## Problem description
Since the pictures are not wanted, copy only the text of every record exactly.

═══

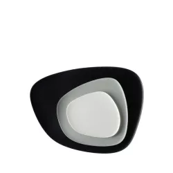 SET OF 3 TRAYS, "NAMASTE", 1236/CM - KARTELL The set of 3 different sized "Namaste" plates/trays features an organic and asymmetric design that calls to mind the idea of flat stones and an all-natural colour scheme. The plates can be matched to create mellow tone-on-tone nuances or more bold contrasts. The big tray is 45 cm length, 36 cm long and 2 cm high, the middle one is 27 cm length, 26 cm long and 1,4 cm high and the small one is 20 cm length, 19 cm long and 1 cm high. Material MELAMMINA Dimensions: Width: 45 cm, Depth: 36 cm, Height: 2 cm Unit weight: 1.9 kg
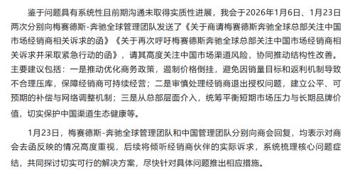 1月23日,商会第三次发函,再次致信奔驰全球总部,并在函件标题中明确呼吁采取“紧急行动”措辞。此次,诉求已从此前的具体政策调整,升级至要求总部介入,建立公平的经销商退出补偿机制、从全局平衡短期销量与长期品牌价值等结构性改革层面。
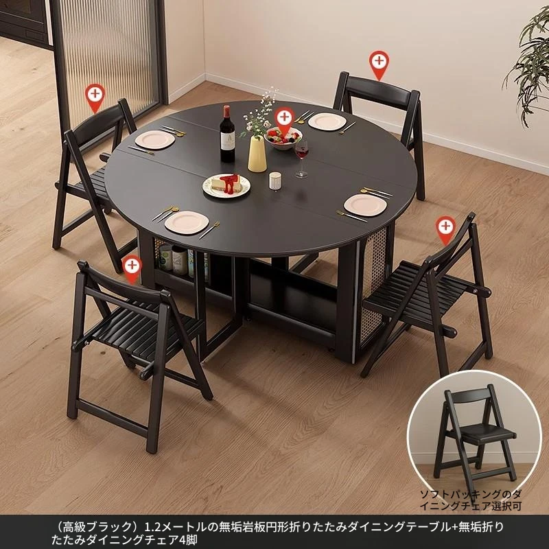 1.2メートル実木岩板円形折りたたみダイニングテーブル【六防抗菌高級黒】+電磁炉+折りたたみ椅子*4
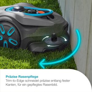 - Trim-to-Edge Funktion: Fährt präzise an Mauern und Zäunen entlang, wodurch du dir das zeitintensive Nachschneiden mit dem Rasentrimmer fast vollständig sparst.
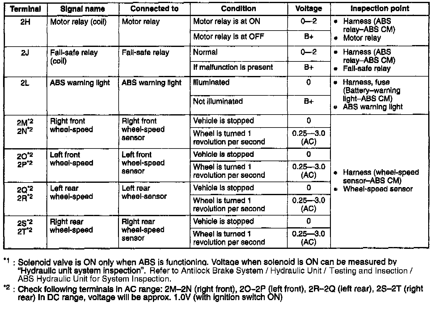 ^ For vehicles with TCS refer to Traction Control System / Traction Control Module / Testing and Inspection / ABS/TCS Control Module Inspection.
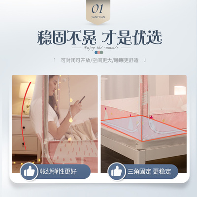 Màn chống muỗi cho trẻ em công chúa màu hồng ba cửa ngồi giường hỗ trợ không đáy lưng đáy đầy đủ đáy 1,8m Giường 2,0x2,2m - Lưới chống muỗi
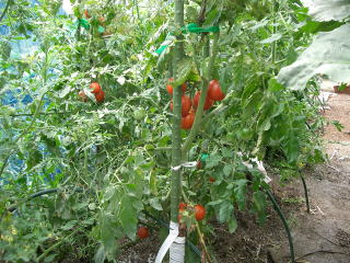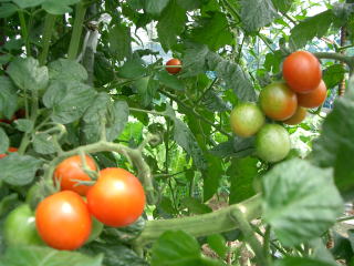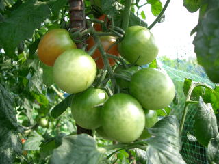 開花後40日くらいで色づきます。果肉が厚いため、果実は割れにくく、日持ちがします。株で真っ赤に熟して収穫すると味が更においしくなります。
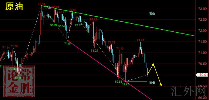 原油从技术行情来说,原油整体处在下挫Y浪当中。当前依照预计在运行Y-2浪,日间并没有显现像样的回踩,从次级别来说也已经迈出下探结构,所以逢高买跌思路总体依旧占优的,当前价格已经到了黄金分割50.0%一线,小时级别已经显现了滞涨信号,夜里等候价格回弹又一次试探这一线的阻力,滞涨不破,斟酌空单介入。参考点位71.50一71.40买跌,风控点放置72.0上方,计划位目睹69~69.5名置。
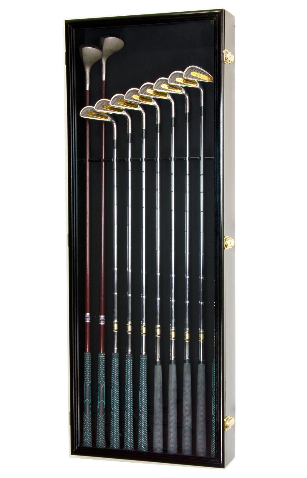 This display case can accomodate up to 10 golf clubs (up to 44"), displayed upright in an evenly notched shelf. Perfect for displaying your range of golf clubs from drivers, irons, and putters. Protected by our ultra-clear specially coated plexiglass. Front opening door. Case comes fully assembled. Mounting hardware is shipped in the same package.
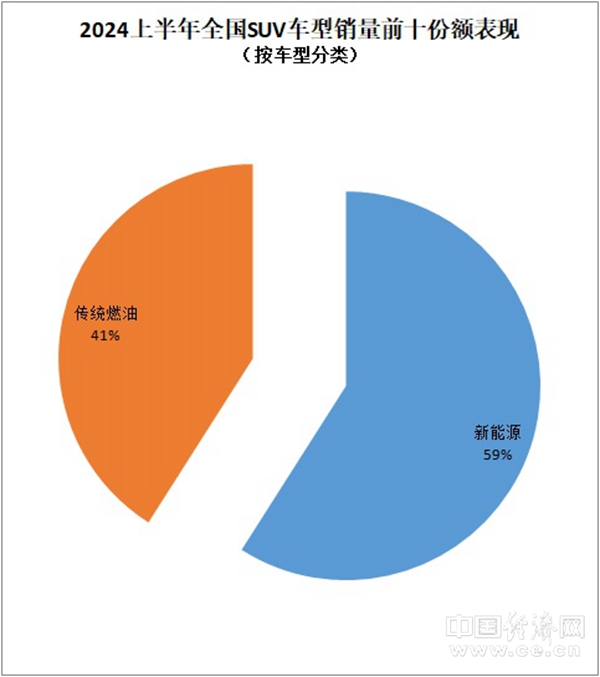 聚焦头部阵营表现,“电进油退”趋势明显。上半年,新能源车型包揽SUV销量前十榜单中的前五名,合计售出673128辆,占比59.03%;传统燃油车型只能“退守”后五名,合计售出467275辆,占比40.97%,市场份额差距达18.05%。
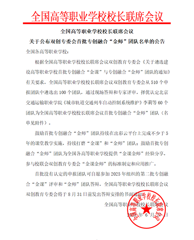 近日,全国高等职业学校校长联席会议双创教育专委会公布首批专创融合“金师”团队名单,我校 《装配式混凝土建筑施工》、《品牌展示设计》凭借出色的专创融合教学实践,从 510 个申报团队、经遴选后的 100 个团队中突围,成功入选全国 60 个首批专创融合“金师”团队,与北京交通运输职业学院等优秀院校教师团队并肩。
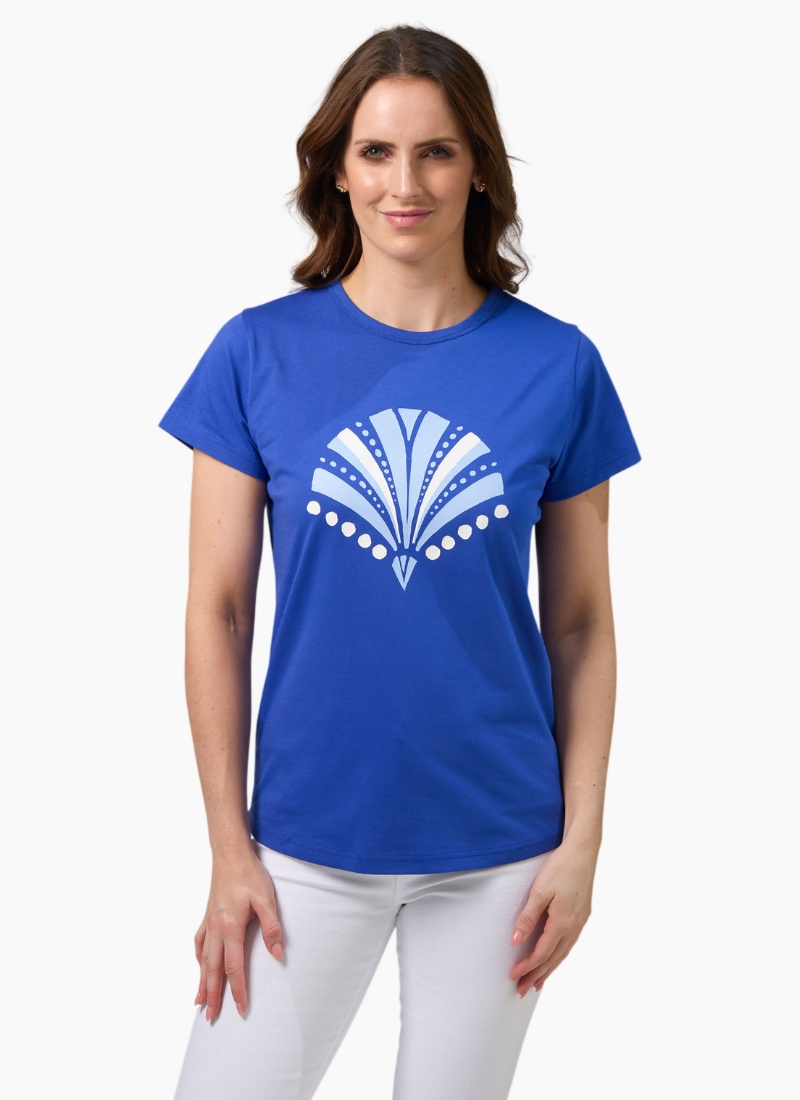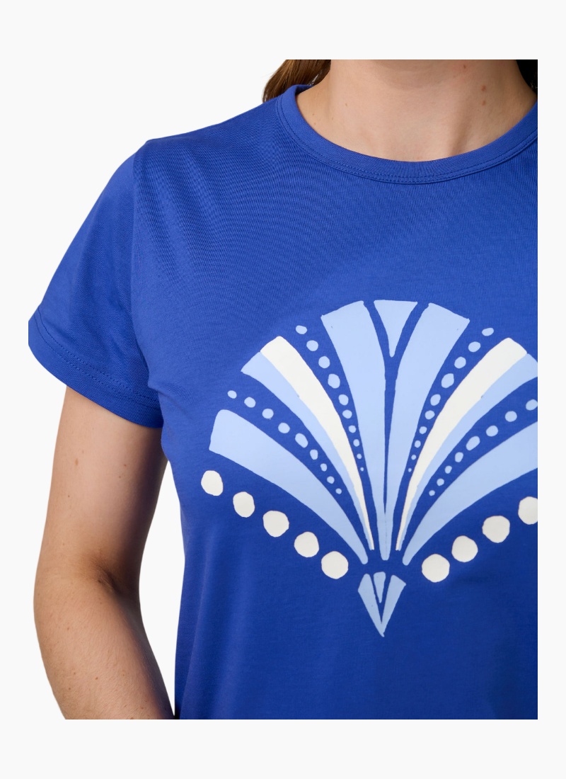 - Bold shell-inspired print in a paler blue provides a playful focal point against the electric blue colour
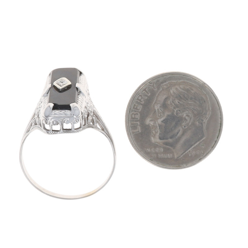 Ostby & Barton Onyx Diamond Art Deco Ring - White Gold 14k Vintage
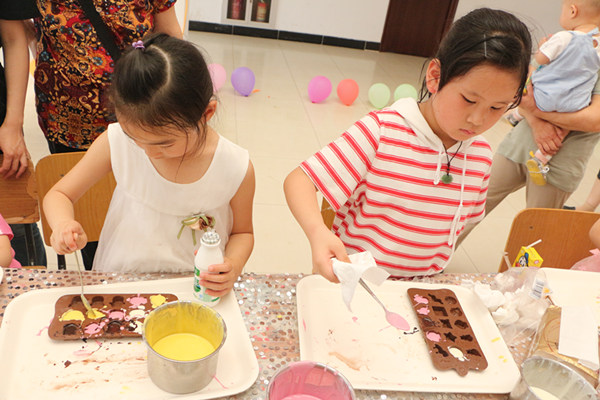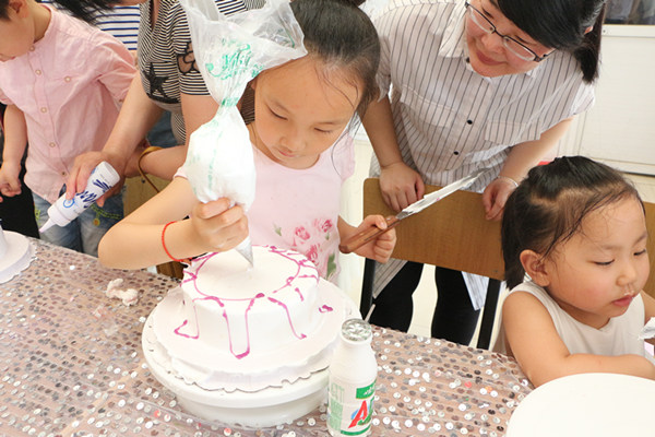 活动现场十分热闹,小朋友在父母的帮助下,用自己的想象力创造出了各种各样属于自己的节日蛋糕,并自己动手制作巧克力送给父母, 更有许多小朋友为家长们表演舞蹈、歌曲等节目。

═══

## Task solution
 SET OF 3 TRAYS, "NAMASTE", 1236/CM - KARTELL The set of 3 different sized "Namaste" plates/trays features an organic and asymmetric design that calls to mind the idea of flat stones and an all-natural colour scheme. The plates can be matched to create mellow tone-on-tone nuances or more bold contrasts. The big tray is 45 cm length, 36 cm long and 2 cm high, the middle one is 27 cm length, 26 cm long and 1,4 cm high and the small one is 20 cm length, 19 cm long and 1 cm high. Material MELAMMINA Dimensions: Width: 45 cm, Depth: 36 cm, Height: 2 cm Unit weight: 1.9 kg
 1月23日,商会第三次发函,再次致信奔驰全球总部,并在函件标题中明确呼吁采取“紧急行动”措辞。此次,诉求已从此前的具体政策调整,升级至要求总部介入,建立公平的经销商退出补偿机制、从全局平衡短期销量与长期品牌价值等结构性改革层面。
 1.2メートル実木岩板円形折りたたみダイニングテーブル【六防抗菌高級黒】+電磁炉+折りたたみ椅子*4
 - Trim-to-Edge Funktion: Fährt präzise an Mauern und Zäunen entlang, wodurch du dir das zeitintensive Nachschneiden mit dem Rasentrimmer fast vollständig sparst.
 ^ For vehicles with TCS refer to Traction Control System / Traction Control Module / Testing and Inspection / ABS/TCS Control Module Inspection.
 Màn chống muỗi cho trẻ em công chúa màu hồng ba cửa ngồi giường hỗ trợ không đáy lưng đáy đầy đủ đáy 1,8m Giường 2,0x2,2m - Lưới chống muỗi
 開花後40日くらいで色づきます。果肉が厚いため、果実は割れにくく、日持ちがします。株で真っ赤に熟して収穫すると味が更においしくなります。
 原油从技术行情来说,原油整体处在下挫Y浪当中。当前依照预计在运行Y-2浪,日间并没有显现像样的回踩,从次级别来说也已经迈出下探结构,所以逢高买跌思路总体依旧占优的,当前价格已经到了黄金分割50.0%一线,小时级别已经显现了滞涨信号,夜里等候价格回弹又一次试探这一线的阻力,滞涨不破,斟酌空单介入。参考点位71.50一71.40买跌,风控点放置72.0上方,计划位目睹69~69.5名置。
 This display case can accomodate up to 10 golf clubs (up to 44"), displayed upright in an evenly notched shelf. Perfect for displaying your range of golf clubs from drivers, irons, and putters. Protected by our ultra-clear specially coated plexiglass. Front opening door. Case comes fully assembled. Mounting hardware is shipped in the same package.
 聚焦头部阵营表现,“电进油退”趋势明显。上半年,新能源车型包揽SUV销量前十榜单中的前五名,合计售出673128辆,占比59.03%;传统燃油车型只能“退守”后五名,合计售出467275辆,占比40.97%,市场份额差距达18.05%。
 近日,全国高等职业学校校长联席会议双创教育专委会公布首批专创融合“金师”团队名单,我校 《装配式混凝土建筑施工》、《品牌展示设计》凭借出色的专创融合教学实践,从 510 个申报团队、经遴选后的 100 个团队中突围,成功入选全国 60 个首批专创融合“金师”团队,与北京交通运输职业学院等优秀院校教师团队并肩。
 - Bold shell-inspired print in a paler blue provides a playful focal point against the electric blue colour
 Ostby & Barton Onyx Diamond Art Deco Ring - White Gold 14k Vintage
 活动现场十分热闹,小朋友在父母的帮助下,用自己的想象力创造出了各种各样属于自己的节日蛋糕,并自己动手制作巧克力送给父母, 更有许多小朋友为家长们表演舞蹈、歌曲等节目。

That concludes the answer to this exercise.